#### Task statement:
Write out nothing but the lines from the first line of the entries below through the line with "This women's monochrome"; no pictures go in.

#### Exercise material:
++++
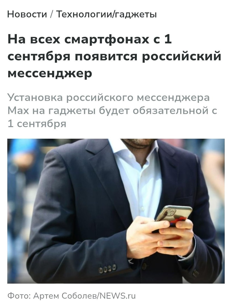 ⚡️Отечественный аналог Telegram будут предустанавливать на все продаваемые смартфоны и планшеты в России Госдума одобрила соответствующий
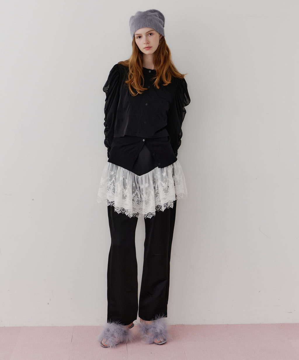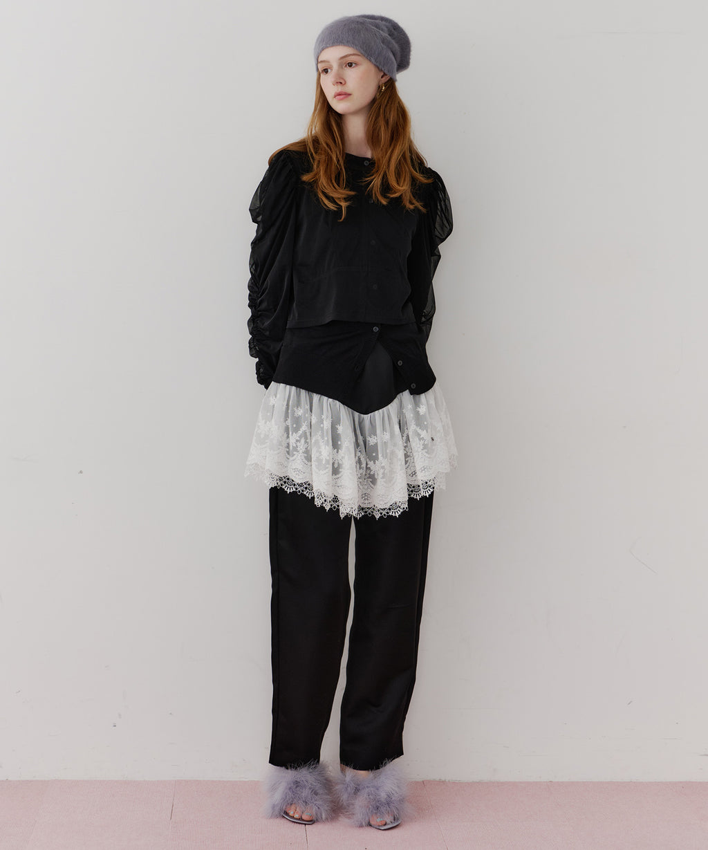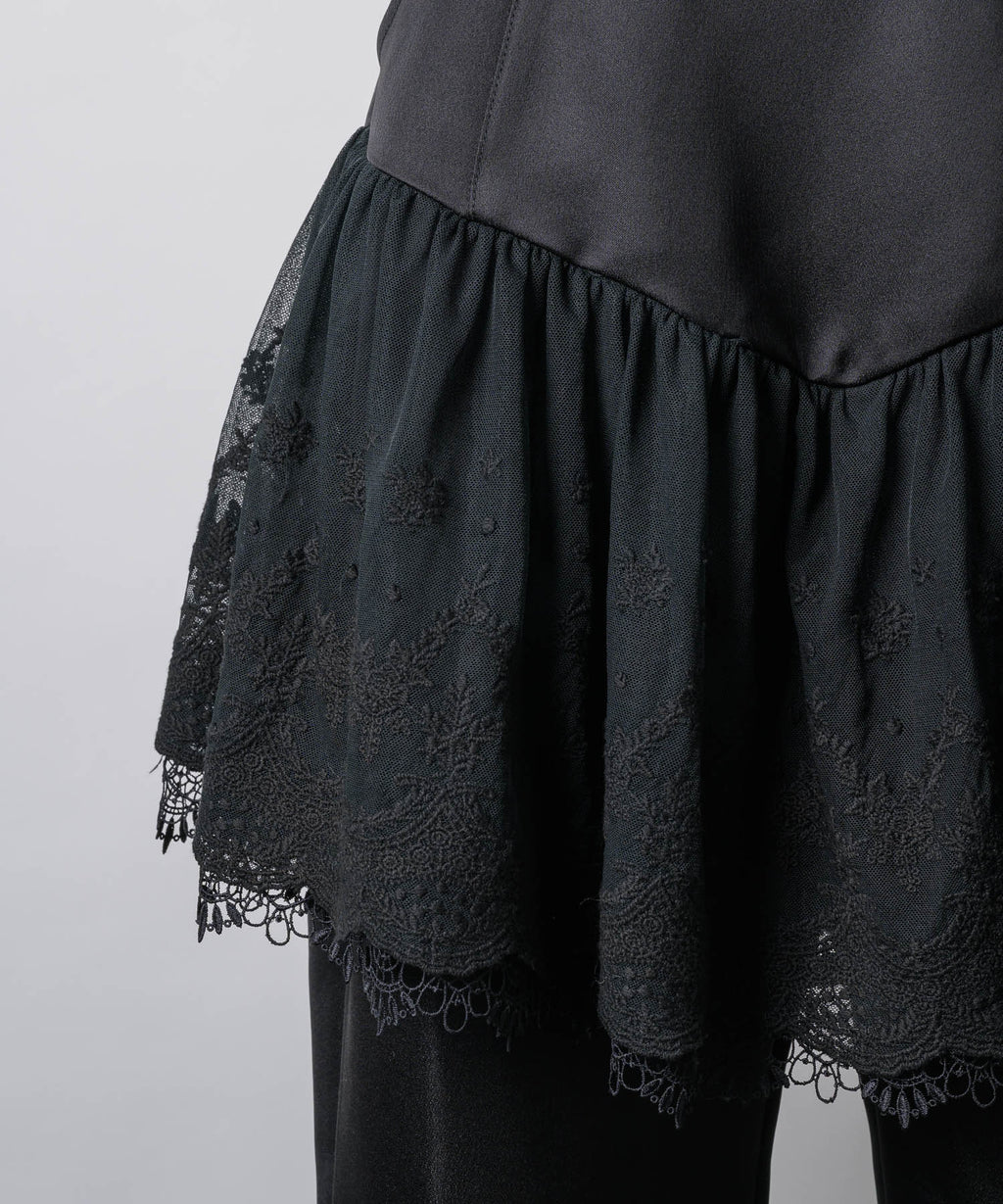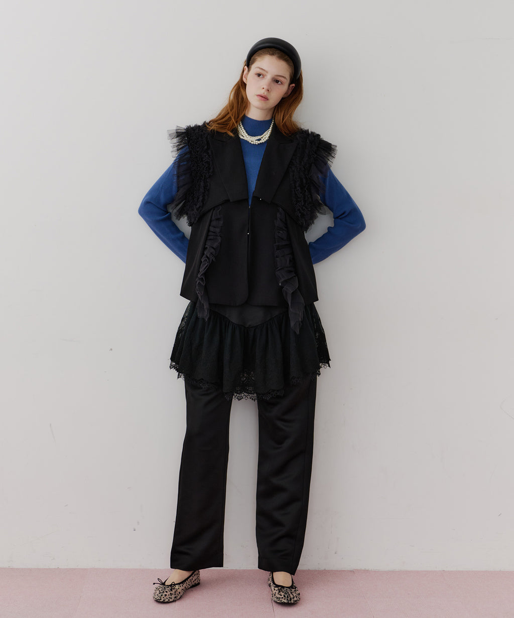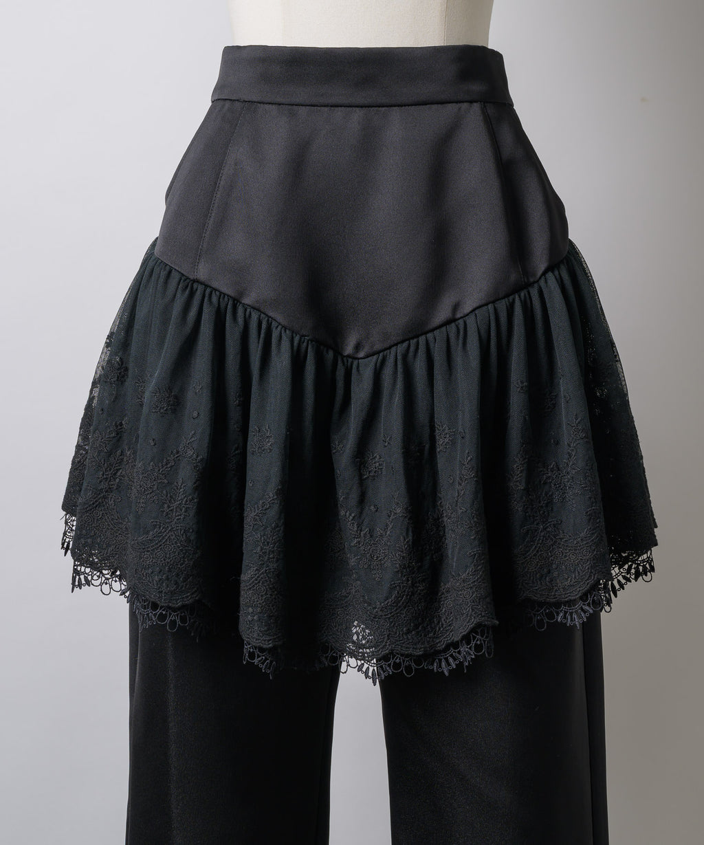 シンプルなストレートパンツにクラシカルレースをドッキング。
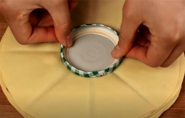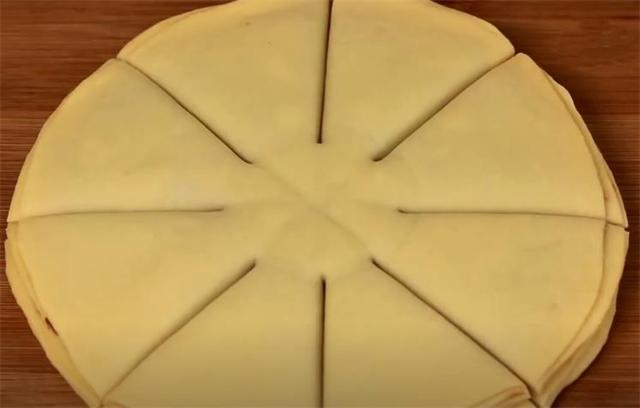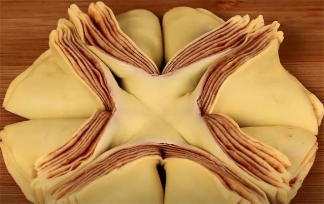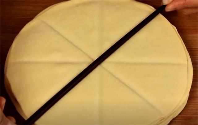 6.就這樣把八張面皮全部摞在一起,用筷子壓出印子。
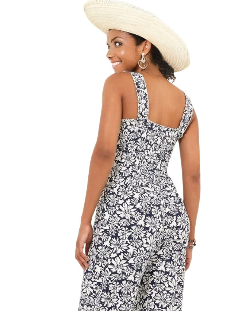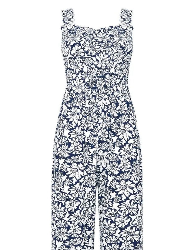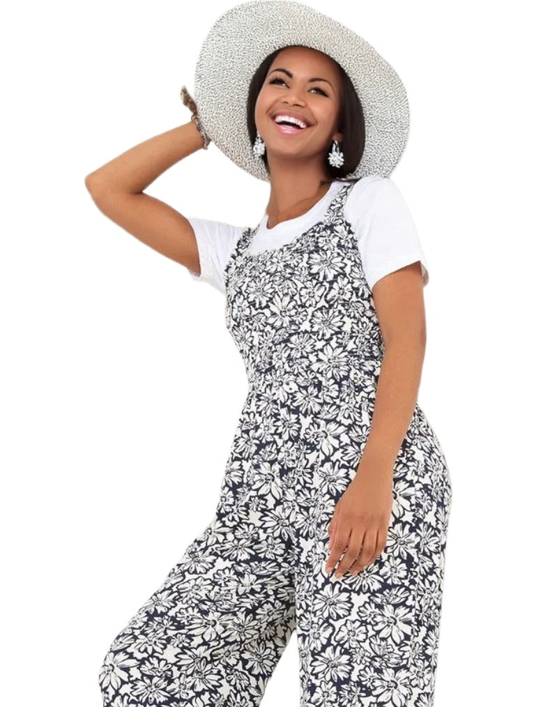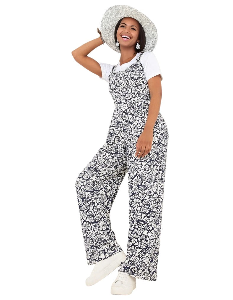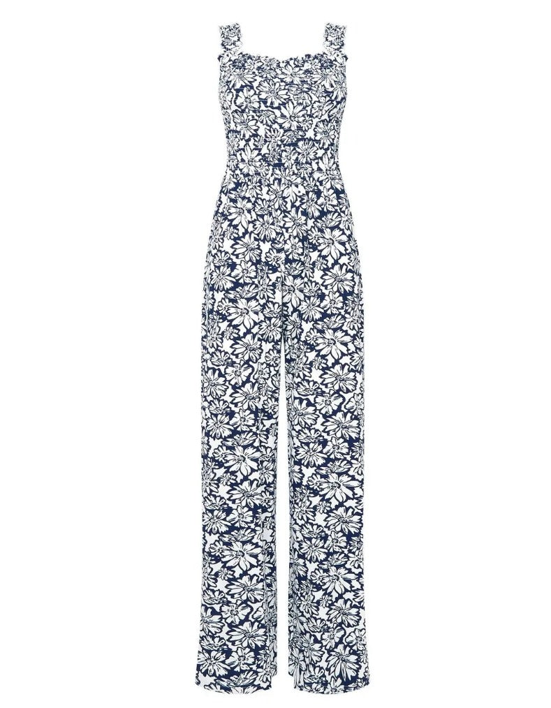 This women's monochrome floral jumpsuit in navy features elasticated shoulder straps and a fitted bodice for a flattering silhouette. Crafted from soft jersey fabric, it offers comfort and style, while the wide-leg design and bold print provide effortless summer elegance.
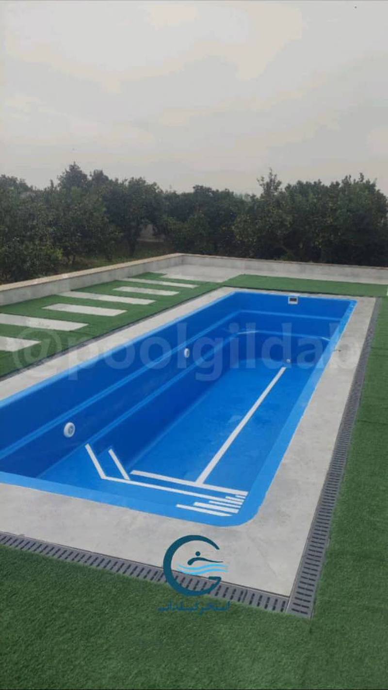 استخر فایبرگلاس با طراحی مدرن و کیفیت بالا، در رنگبندی و سایزبندی متنوع، مناسب برای استفاده در ویلاها، باغها و مجموعههای تفریحی.
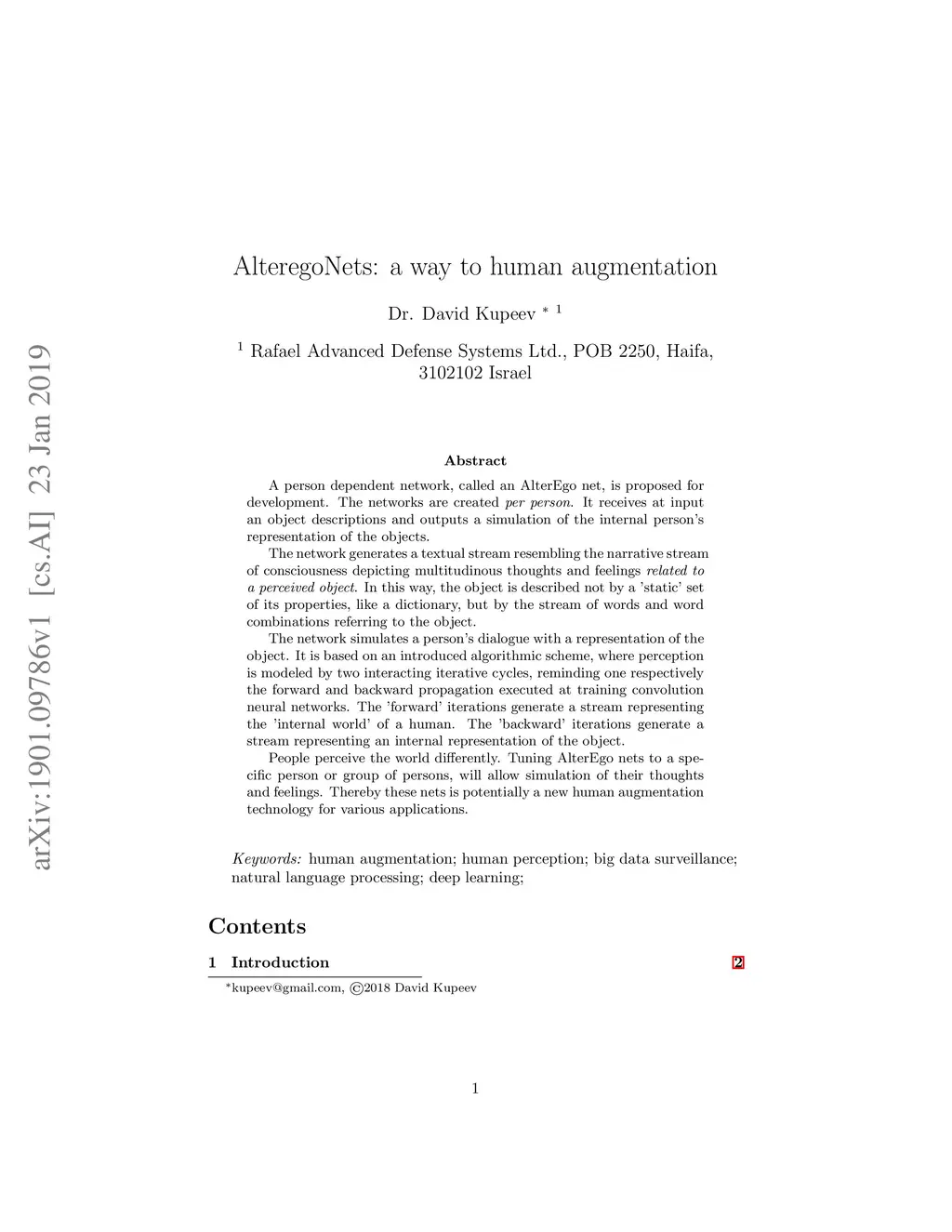 A person dependent network, called an AlterEgo net, is proposed for development. The networks are created per person. It receives at input an object descriptions and outputs a simulation of the internal person's representation of the objects. The network generates a textual stream resembling the narrative stream of consciousness depicting multitudinous thoughts and feelings related to a perceived object. In this way, the object is described not by a 'static' set of its properties, like a dictionary, but by the stream of words and word combinations referring to the object. The network simulates a person's dialogue with a representation of the object. It is based on an introduced algorithmic scheme, where perception is modeled by two interacting iterative cycles, reminding one respectively the forward and backward propagation executed at training convolution neural networks. The 'forward' iterations generate a stream representing the ínternal world' of a human. The 'backward' iterations generate a stream representing an internal representation of the object. People perceive the world differently. Tuning AlterEgo nets to a specific person or group of persons, will allow simulation of their thoughts and feelings. Thereby these nets is potentially a new human augmentation technology for various applications.
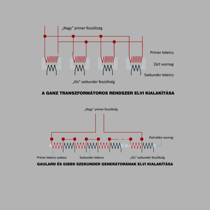 Gaulard és Gibbs berendezését kiállították egy torinoi kiállításon, melyen a Ganzból részt vett az akkor huszonöt éves Bláthy Ottó Titusz. Azzal tért haza, hogy nekik ennél jobb megoldást kell találniuk. Helyesen ismerte fel, hogy a megoldás kulcsa a vasmag megfelelő kialakítása. A nyitott, rúd alakú vasmag mágneses erővonalai a levegőn keresztül záródnak. Bláthy az indukció elméleti törvényszerűségeinek végiggondolása során rájött, hogy sokkal kedvezőbb zárt vasmagot alkalmazni. Gyorsan cselekedtek. Elkészítették a mintadarabot, melyen a próbákat és ellenőrző méréseket Déri Miksa végezte el. A villamos energia elosztását az új berendezések párhuzamos kapcsolásával tervezték.
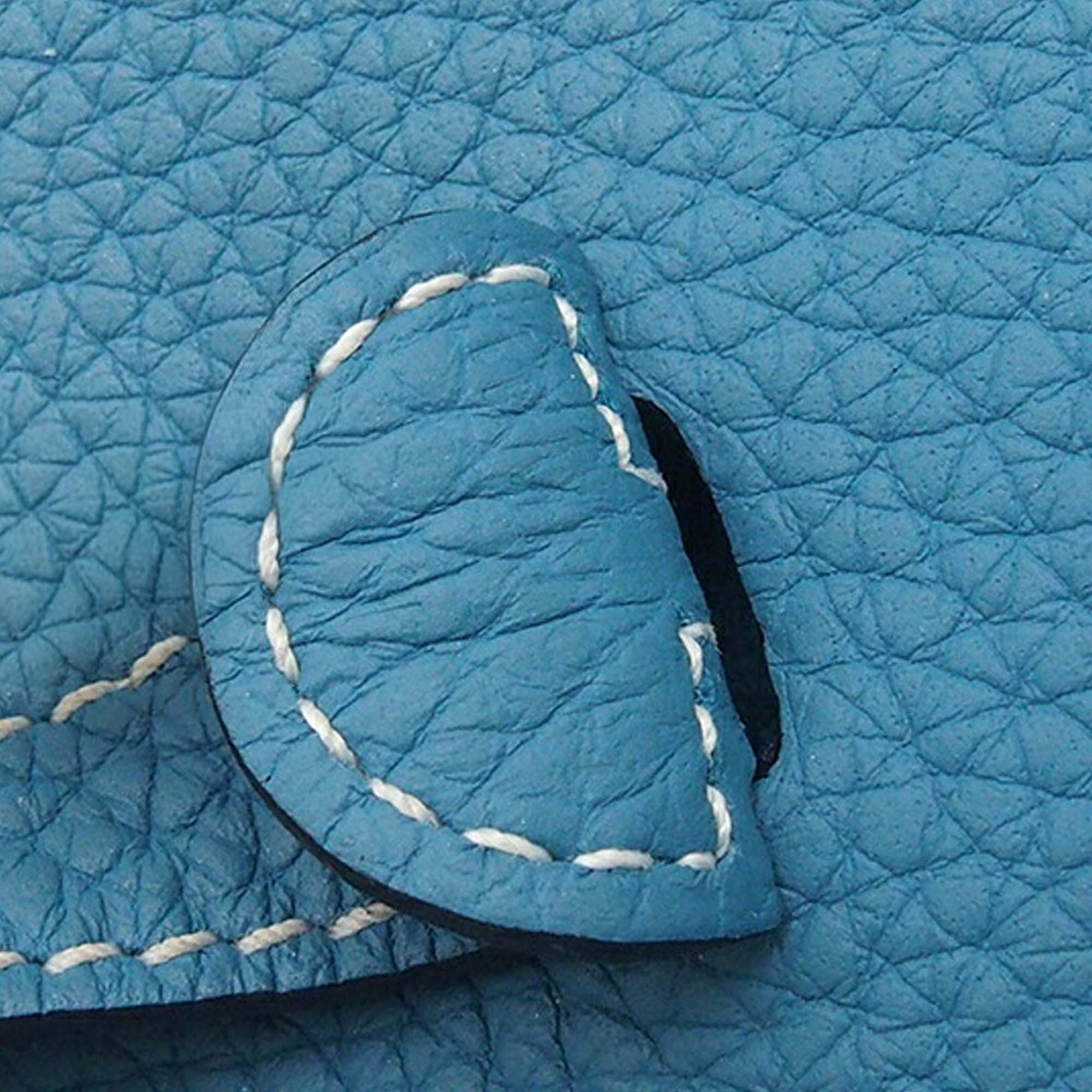 This Evelyne TPM features a Clemence leather body in New Blue Jean color, a detachable flat strap, and an open top with a strap and snap button closure.
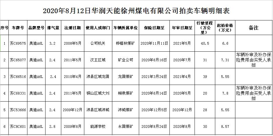 受委托,我公司定于2020年8月12日14:00時通過中拍平臺和現(xiàn)場結(jié)合方式公開拍賣:華潤天能徐州煤電有限公司奧迪公務(wù)車6輛。
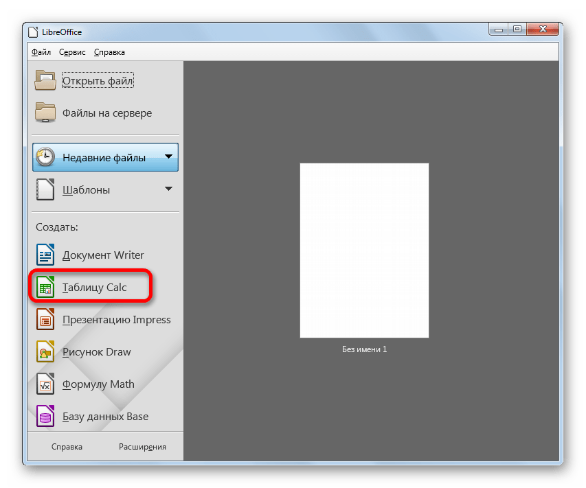 - Запускаем пакет LibreOffice и в блоке «Создать» выбираем пункт «Таблицу Calc».
++++
#### Problem solution:
 ⚡️Отечественный аналог Telegram будут предустанавливать на все продаваемые смартфоны и планшеты в России Госдума одобрила соответствующий
 シンプルなストレートパンツにクラシカルレースをドッキング。
 6.就這樣把八張面皮全部摞在一起,用筷子壓出印子。
 This women's monochrome floral jumpsuit in navy features elasticated shoulder straps and a fitted bodice for a flattering silhouette. Crafted from soft jersey fabric, it offers comfort and style, while the wide-leg design and bold print provide effortless summer elegance.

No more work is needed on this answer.